Но сейчас чародейка ничего не могла.
Позже она видела, как по приказу Расате Коста превратился в волка и побежал за добычей. Его не было долго. Сколько? Она не могла понять во мраке пещеры, где только монотонный звук падающих капель отмерял время. Порой этот звук доводил ее до безумия, она начинала кричать, петь, смеяться. И в таких случаях всегда появлялся Расате.
– Ты не должна показывать, что слаба, как простой человек, Малфрида. Простых смертных веселит, когда такие, как мы, проявляют слабость. Потому они и придумывают для нас жестокие казни – забивают камнями, протыкают кольями, сжигают на костре. Они наши враги. Но мы сильнее.
– То-то ты прячешься уже столько лет!
– Я не прячусь. Я удалился от них. Но они сами приходят ко мне. Я их лекарь и чудотворец. И они рассказывают мне обо всем, что творится наверху.
– Вот как? Может, тогда поведаешь мне, что там с князем Святославом?
Малфрида спросила, но не ждала ответа. Но Расате вдруг опустился на камень неподалеку и заговорил.
О Святославе Русском он отзывался уважительно. Этот князь – дар древних богов Болгарии. Он сумел избавить ее от извечного врага – Византии. Раньше болгары с почтением и завистью относились к империи, хоть и ненавидели ее. Но затем из-за проклятого христианства прониклись к ромеям расположением. А ромеи хитры, они сперва присылали своих священнослужителей, затем торговцев, а позже стали возводить храмы и дороги. Но, признав дружбу с Византией, болгары потеряли себя. Им нужен был мир, но на деле они все заимствовали у ромеев – веру, обычаи, одеяния, книги.
Казалось, Расате готов без конца говорить об этом, но Малфрида уже знала, как он ненавидит ромеев, а вот о Святославе…
– Русский князь был бы хорош для нас, если б не пошел на сговор с христианами, – продолжал Расате. Голос звучал спокойно, но Малфрида уловила, что он сдерживает себя. Легкая дрожь сотрясала слепца, когда он вдруг спросил: – Почему князь оставил христианские храмы и не запретил служение Христу? Что ему помешало изгнать или казнить всех монахов? Ведь на Руси он это сделал! А здесь…

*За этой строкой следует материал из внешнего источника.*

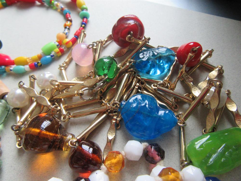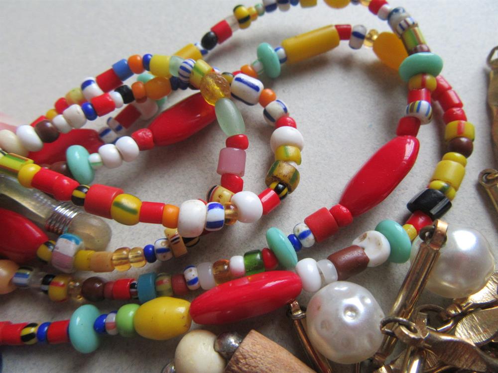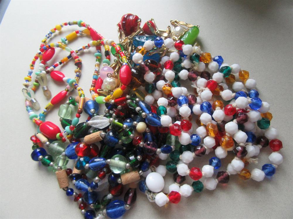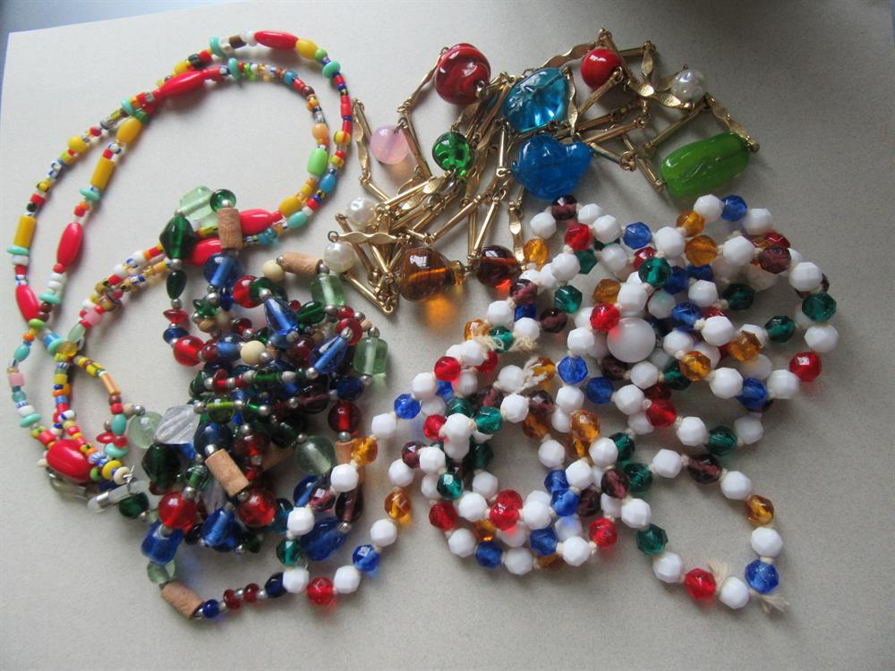 Vintage all glass beads lot. Three necklaces and one eye glass holder. Strictly being sold as a craft lot, although the necklace with the large glass beads and gold tone spacers is totally wearable, but the gold links have a tendency to kink up. All beads in good shape, but needs restringing and strictly sold as a crafting lot.

Слепец глубоко вздохнул, и Малфрида подумала, что Расате глуп, если не понимает того, что и его самого когда-то погубило: нельзя идти против воли всего народа, нельзя жестокостью навязывать свою волю. И Святослав прав, что оставил болгарских правителей, но начал постепенно возрождать старую веру. И возвеличивать любого, кто принимает ее. Так, исподволь…
– Что вы сказали? – спохватилась она. – О какой битве идет речь?

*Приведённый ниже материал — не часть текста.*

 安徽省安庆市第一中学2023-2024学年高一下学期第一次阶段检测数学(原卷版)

– О битве с ромеями, Малфрида, если ты не в силах понять, о чем я говорю!
Теперь Расате казался раздраженным, и ведьма испугалась, что он вот-вот уйдет. Пришлось упрашивать, она даже коснулась его ледяной, как у мертвеца, руки. Ее даже передернуло от омерзения, но ей так важно было знать о своих!
Расате остался. Он был хорошим рассказчиком, и Малфрида, дивясь тому, как много знает этот подземный отшельник, слушала, затаив дыхание.
Оказалось, что узурпатор Иоанн Цимисхий после переворота и восхождения на трон не стал расторгать договор своего предшественника со Святославом. Более того, он направил к князю в Переяславец посольство, соглашаясь выплатить все обещанное предшественником, если Святослав, приняв плату, покинет Болгарию и вернется на Русь. Но Святослав оказался хитер: он заявил, что уйдет только в том случае, если император выкупит у него захваченные русами города. Иначе он сам двинется на Константинополь и выгонит оттуда Цимисхия.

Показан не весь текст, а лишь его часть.